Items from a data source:
⟨

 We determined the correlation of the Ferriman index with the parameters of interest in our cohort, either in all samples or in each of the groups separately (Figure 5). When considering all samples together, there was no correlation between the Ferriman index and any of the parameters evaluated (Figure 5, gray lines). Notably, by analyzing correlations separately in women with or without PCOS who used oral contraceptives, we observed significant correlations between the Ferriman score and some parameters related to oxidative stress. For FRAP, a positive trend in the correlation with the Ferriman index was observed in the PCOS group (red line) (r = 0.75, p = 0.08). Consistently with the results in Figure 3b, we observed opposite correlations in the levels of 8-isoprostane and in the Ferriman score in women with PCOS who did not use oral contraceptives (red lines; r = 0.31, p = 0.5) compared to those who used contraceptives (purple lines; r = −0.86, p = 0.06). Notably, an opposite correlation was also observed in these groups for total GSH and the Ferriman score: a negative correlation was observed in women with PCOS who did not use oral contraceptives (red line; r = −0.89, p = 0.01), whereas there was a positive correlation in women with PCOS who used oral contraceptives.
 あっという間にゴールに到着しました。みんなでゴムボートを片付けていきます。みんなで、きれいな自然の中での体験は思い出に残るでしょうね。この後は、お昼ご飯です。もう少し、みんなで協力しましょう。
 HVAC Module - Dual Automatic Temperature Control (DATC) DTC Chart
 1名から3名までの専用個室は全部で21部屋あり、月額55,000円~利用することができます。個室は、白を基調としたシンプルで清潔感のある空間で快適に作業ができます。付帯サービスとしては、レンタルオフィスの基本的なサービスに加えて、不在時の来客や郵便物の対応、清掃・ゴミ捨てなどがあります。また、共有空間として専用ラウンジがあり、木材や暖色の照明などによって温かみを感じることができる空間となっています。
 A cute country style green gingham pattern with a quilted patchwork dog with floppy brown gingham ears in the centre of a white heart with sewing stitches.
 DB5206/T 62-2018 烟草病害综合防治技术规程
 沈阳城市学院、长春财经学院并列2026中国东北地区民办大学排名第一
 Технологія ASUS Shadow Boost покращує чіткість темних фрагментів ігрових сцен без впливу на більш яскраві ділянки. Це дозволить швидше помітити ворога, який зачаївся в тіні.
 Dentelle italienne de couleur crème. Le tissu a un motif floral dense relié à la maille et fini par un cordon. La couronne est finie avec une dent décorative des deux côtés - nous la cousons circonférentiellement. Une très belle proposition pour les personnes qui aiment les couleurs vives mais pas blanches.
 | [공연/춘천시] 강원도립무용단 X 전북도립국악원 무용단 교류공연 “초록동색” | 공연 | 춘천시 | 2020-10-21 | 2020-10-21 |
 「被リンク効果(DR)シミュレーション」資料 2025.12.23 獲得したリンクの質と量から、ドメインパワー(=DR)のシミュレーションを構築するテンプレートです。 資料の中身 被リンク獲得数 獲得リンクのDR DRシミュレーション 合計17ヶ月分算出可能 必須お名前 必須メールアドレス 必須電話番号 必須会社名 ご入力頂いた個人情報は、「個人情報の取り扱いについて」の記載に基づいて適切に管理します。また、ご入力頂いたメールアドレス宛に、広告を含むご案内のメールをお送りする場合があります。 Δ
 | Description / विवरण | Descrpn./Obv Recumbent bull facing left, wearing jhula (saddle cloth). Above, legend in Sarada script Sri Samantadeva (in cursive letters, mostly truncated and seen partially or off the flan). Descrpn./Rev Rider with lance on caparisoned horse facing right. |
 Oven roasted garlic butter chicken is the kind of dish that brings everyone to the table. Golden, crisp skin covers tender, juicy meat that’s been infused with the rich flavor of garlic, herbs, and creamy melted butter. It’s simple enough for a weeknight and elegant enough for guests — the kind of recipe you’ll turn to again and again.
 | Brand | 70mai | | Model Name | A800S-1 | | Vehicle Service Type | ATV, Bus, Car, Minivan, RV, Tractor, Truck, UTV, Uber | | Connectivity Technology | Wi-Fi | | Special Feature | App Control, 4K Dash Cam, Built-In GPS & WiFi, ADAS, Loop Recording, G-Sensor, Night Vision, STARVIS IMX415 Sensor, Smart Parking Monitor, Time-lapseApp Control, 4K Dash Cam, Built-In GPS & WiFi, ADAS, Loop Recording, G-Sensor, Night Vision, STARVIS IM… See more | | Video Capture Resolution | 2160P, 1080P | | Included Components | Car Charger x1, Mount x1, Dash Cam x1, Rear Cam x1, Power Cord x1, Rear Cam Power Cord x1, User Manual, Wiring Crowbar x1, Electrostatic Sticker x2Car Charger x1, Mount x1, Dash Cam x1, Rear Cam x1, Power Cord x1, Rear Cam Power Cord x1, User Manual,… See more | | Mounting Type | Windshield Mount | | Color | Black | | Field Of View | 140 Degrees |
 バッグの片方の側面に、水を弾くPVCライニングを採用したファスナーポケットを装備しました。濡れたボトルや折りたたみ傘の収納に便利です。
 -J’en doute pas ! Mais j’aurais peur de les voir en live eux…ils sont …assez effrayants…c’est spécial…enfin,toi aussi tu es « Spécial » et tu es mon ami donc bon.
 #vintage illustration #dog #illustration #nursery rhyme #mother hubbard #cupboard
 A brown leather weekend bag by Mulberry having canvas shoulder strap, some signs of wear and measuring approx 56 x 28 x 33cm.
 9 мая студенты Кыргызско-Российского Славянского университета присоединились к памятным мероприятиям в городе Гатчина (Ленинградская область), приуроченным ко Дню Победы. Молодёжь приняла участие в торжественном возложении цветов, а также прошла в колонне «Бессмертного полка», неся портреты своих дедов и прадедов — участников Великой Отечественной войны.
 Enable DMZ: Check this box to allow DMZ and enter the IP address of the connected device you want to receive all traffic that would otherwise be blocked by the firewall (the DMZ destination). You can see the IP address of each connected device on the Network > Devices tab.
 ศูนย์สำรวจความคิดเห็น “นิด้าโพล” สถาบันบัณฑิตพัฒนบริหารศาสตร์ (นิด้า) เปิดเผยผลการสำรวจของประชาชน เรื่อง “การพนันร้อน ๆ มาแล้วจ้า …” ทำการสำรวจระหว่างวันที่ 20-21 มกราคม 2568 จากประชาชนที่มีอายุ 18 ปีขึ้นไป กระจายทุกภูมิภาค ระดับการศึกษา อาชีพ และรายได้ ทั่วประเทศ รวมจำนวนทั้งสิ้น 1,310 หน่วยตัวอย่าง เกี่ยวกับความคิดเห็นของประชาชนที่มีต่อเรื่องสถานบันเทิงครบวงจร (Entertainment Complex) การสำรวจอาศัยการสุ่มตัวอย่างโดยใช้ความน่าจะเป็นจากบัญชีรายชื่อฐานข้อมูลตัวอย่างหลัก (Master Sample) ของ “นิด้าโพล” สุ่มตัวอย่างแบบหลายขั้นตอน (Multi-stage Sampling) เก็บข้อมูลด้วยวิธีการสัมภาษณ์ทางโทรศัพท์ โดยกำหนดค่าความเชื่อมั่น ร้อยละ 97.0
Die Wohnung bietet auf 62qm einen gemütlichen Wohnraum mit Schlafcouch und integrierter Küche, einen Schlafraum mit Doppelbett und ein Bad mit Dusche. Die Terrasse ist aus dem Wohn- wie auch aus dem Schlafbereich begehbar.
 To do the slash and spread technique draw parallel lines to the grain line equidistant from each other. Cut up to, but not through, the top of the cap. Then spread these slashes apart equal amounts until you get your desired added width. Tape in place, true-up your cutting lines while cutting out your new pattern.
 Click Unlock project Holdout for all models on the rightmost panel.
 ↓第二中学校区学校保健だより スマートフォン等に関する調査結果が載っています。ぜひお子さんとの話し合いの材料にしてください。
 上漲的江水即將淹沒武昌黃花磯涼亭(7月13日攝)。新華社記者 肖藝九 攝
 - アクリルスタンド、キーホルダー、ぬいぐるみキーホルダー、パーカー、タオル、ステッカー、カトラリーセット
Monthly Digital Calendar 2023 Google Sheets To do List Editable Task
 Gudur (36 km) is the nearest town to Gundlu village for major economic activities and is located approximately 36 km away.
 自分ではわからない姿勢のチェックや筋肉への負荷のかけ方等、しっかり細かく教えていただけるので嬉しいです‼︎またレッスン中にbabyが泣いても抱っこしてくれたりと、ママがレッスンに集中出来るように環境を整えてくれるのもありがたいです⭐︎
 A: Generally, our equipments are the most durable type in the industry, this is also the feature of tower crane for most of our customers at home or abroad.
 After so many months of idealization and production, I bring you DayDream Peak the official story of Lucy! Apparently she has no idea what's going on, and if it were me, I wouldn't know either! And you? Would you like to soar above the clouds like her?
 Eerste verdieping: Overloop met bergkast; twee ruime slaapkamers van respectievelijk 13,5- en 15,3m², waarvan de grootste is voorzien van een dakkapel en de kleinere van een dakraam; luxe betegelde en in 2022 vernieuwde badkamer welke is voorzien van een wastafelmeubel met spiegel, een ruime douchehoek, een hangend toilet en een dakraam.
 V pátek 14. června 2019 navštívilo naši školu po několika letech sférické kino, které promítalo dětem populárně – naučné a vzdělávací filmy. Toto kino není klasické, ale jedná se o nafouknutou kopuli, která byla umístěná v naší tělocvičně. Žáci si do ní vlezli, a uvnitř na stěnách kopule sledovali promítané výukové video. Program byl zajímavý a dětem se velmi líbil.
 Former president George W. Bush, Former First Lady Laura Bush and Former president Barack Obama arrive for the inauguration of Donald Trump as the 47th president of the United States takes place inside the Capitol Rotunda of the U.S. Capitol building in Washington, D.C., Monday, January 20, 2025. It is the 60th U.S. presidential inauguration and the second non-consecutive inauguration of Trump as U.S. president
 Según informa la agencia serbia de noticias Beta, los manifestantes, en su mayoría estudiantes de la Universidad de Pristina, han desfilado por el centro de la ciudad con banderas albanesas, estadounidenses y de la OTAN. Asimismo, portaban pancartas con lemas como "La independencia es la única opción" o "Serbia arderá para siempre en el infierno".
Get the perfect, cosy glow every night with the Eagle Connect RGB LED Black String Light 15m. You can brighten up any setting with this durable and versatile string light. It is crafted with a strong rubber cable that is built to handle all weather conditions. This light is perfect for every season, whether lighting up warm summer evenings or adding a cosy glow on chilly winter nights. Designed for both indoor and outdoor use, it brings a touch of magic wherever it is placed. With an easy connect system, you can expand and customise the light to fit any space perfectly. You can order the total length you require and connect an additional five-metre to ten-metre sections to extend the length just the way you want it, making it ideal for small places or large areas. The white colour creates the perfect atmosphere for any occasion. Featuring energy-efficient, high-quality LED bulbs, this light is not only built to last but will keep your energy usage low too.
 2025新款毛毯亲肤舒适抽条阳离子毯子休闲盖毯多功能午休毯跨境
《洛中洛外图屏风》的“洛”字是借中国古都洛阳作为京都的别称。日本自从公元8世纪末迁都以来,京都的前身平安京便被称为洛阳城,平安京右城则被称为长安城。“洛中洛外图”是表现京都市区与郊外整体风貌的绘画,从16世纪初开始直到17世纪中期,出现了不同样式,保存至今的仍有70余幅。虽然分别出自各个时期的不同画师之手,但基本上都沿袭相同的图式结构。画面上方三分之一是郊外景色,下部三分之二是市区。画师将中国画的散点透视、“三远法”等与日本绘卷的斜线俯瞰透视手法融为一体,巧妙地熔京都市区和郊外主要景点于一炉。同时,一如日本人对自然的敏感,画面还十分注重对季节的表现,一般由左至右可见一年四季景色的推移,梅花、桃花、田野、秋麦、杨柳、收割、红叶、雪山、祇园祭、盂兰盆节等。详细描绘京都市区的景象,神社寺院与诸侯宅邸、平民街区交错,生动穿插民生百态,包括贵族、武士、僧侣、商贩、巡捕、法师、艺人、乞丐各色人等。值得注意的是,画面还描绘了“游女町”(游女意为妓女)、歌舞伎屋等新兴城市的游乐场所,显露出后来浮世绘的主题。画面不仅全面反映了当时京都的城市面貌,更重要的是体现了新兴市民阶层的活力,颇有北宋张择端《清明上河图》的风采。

⟩

### THE PROBLEM
Across the records above, how many lines contain the word "brings"? Give the number by itself.

### COMPLETED TASK
2